Image: Courtesy Emily Teater
Nuts and Nut Butters
Nuts like hazelnuts and pistachios are a key part of Italy’s culinary traditions—you can thank the country for Nutella, for one. Oregon, too, has its own claim to fame when it comes to nuts. The state produces a whopping 99 percent of hazelnuts grown in the US. Order organic hazelnuts for snacking, baking, and cooking from Meridian Orchards in Aurora, or try its hazelnut spread (with or without chocolate) under the Squirrelly Jane brand. The farm also supplies hazelnuts for some of the Hummingbird Wholesale products, like its Hazel Munch. Alternatively, pistachio fans should check out Pistakio. Founders Nico Buffo (originally from Italy) and Francine Voit were disappointed by the pistachio butters available in Portland, finding them overly sweet and one-note. Wanting a taste of home, they developed this intensely nutty and versatile spread that can be enjoyed in both savory and sweet preparations, made with regeneratively farmed pistachios.

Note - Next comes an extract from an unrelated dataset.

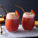In a blender jug add fresh strawberries, honey, fresh orange juice, crushed ice & blend well.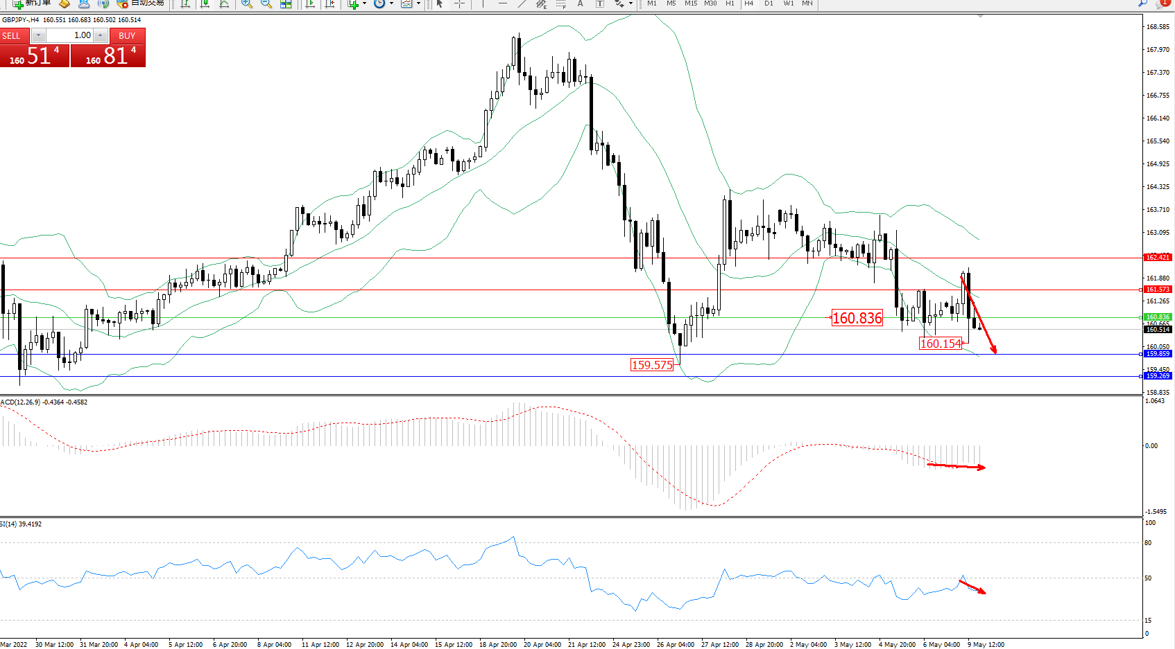 技术点评:空头动力延续布林带指标通道中下轨区间持续震荡向下移动,短期抵达160.154附近节点后开始震荡,且下行趋势态势良好,未见最终止步迹象,布林带指标呈空头下行走势或将持续,MACD指标处于0轴线下方空头区域维持整理平移,RSI指标处于50均衡线下侧弱势徘徊中;

Image: Courtesy Mattea Schwab
Wine
Oregon’s wine country has earned a global reputation for its French varietals, namely Chardonnay and Pinot Noir. But in recent years, Italian grapes have been finding a home in the Willamette Valley. We share the 45th parallel with France’s Rhône Valley and Italy’s Po Valley, all auspicious climates for viniculture. Remy Wines’ arneis (a Piedmontese white wine with notes of pear and chamomile) and lagrein (robust and fruit-forward, from the Alto Adige province) will transport you to the mountainous northern reaches of Italy. In Dundee, Day Wines’ vermentino offers salty, citrusy notes reminiscent of the Mediterranean. In Yamhill-Carlton, Stag Hollow produces dolcetto, known for its cherry and almond notes; Stag Hollow also uses the Piedmontese variety for sparkling rosé. Not keen on a trip down Pacific Highway? Buona Notte serves several red and rosé wines made from Italian grapes—Dolcetto, Sangiovese, and a vermouth with a Pinot Grigio base—at its SE Portland tasting room.
Aperitivo and Amaro
A proper Italian meal begins with an aperitivo and ends with amaro. While the storied Italian brands are iconic for a reason, local producers are worth checking out. DeGroff Spirits produces a bittersweet aperitivo and “New World” amaro in Hood River Valley. Portland’s Accompani, part of Straightaway Cocktails, makes its own line of herbal liquors. Its deliciously bittersweet Crimson Snap can be used in classic cocktails, like a Negroni or spritz, in place of brands like Campari and Aperol, and pairs nicely with Accompani’s Italian-inspired sweet vermouth. Elsewhere in the city, New Deal Distillery makes its own nocino, a jet-black Italian liqueur made from green walnuts and infused with spices such as cloves and nutmeg. In Eugene, Elixir Craft Spirits carries on another Italian tradition, producing the aromatic amaro Calisaya from cinchona bark and oranges.